╭─ Exercise data
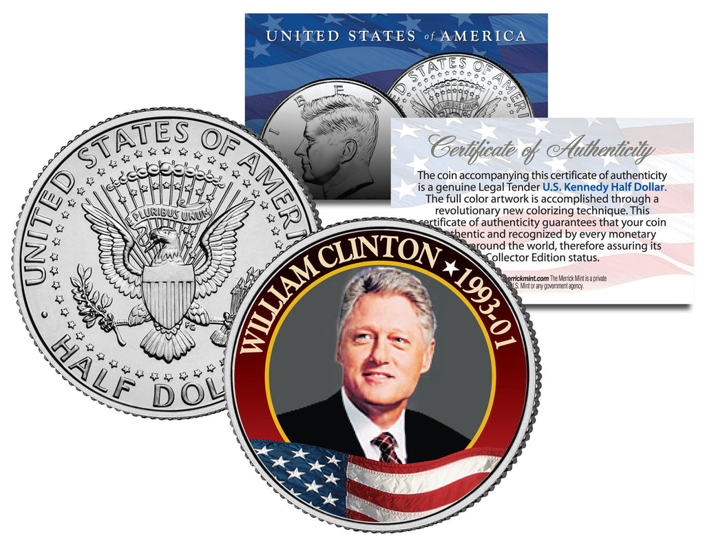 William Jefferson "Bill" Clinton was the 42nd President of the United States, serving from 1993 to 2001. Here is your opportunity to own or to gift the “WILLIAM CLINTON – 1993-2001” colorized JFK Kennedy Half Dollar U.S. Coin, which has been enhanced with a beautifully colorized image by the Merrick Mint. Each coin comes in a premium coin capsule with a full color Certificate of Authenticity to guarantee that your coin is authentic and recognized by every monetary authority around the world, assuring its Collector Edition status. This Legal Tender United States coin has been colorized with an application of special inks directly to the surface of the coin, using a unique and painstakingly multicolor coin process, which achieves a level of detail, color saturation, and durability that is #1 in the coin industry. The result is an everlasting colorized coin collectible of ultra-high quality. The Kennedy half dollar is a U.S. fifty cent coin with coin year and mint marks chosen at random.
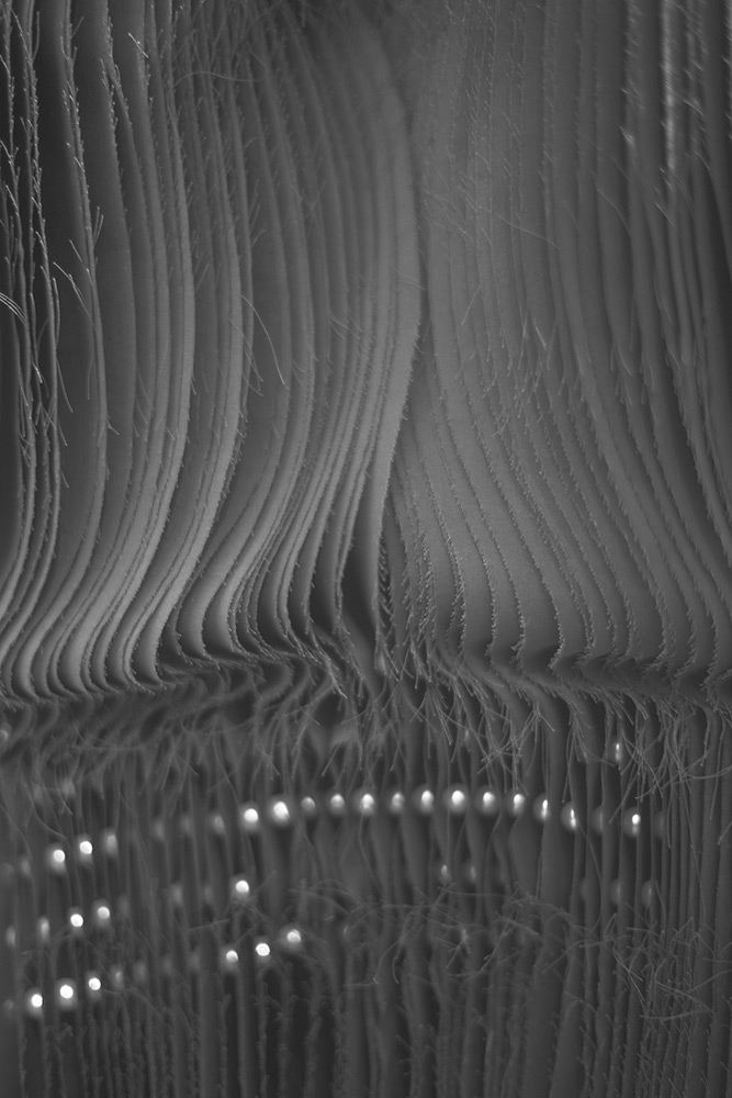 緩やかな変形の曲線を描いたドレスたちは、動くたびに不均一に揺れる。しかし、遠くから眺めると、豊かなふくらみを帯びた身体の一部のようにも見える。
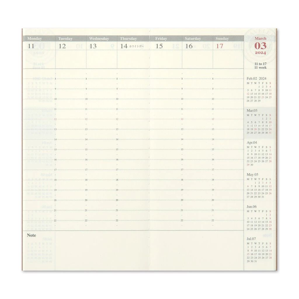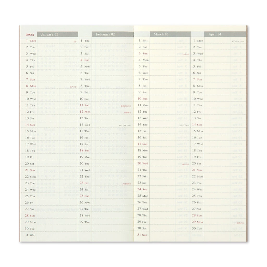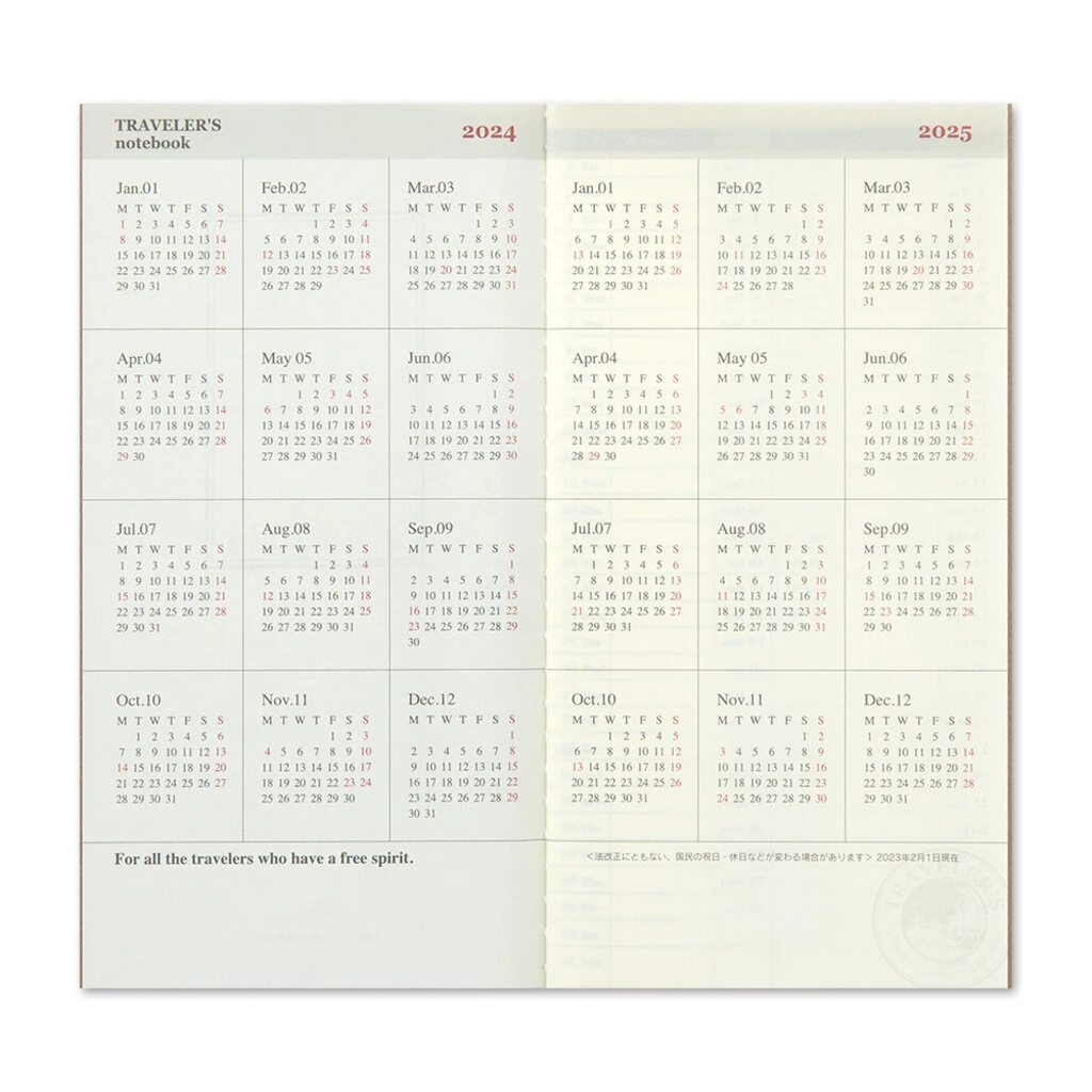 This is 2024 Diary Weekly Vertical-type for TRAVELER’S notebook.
╰─
:: Task brief ::
The answer must be the whole listing, word for word, with no pictures in it. Please write it out.

:: The answer ::
 William Jefferson "Bill" Clinton was the 42nd President of the United States, serving from 1993 to 2001. Here is your opportunity to own or to gift the “WILLIAM CLINTON – 1993-2001” colorized JFK Kennedy Half Dollar U.S. Coin, which has been enhanced with a beautifully colorized image by the Merrick Mint. Each coin comes in a premium coin capsule with a full color Certificate of Authenticity to guarantee that your coin is authentic and recognized by every monetary authority around the world, assuring its Collector Edition status. This Legal Tender United States coin has been colorized with an application of special inks directly to the surface of the coin, using a unique and painstakingly multicolor coin process, which achieves a level of detail, color saturation, and durability that is #1 in the coin industry. The result is an everlasting colorized coin collectible of ultra-high quality. The Kennedy half dollar is a U.S. fifty cent coin with coin year and mint marks chosen at random.
 緩やかな変形の曲線を描いたドレスたちは、動くたびに不均一に揺れる。しかし、遠くから眺めると、豊かなふくらみを帯びた身体の一部のようにも見える。
 This is 2024 Diary Weekly Vertical-type for TRAVELER’S notebook.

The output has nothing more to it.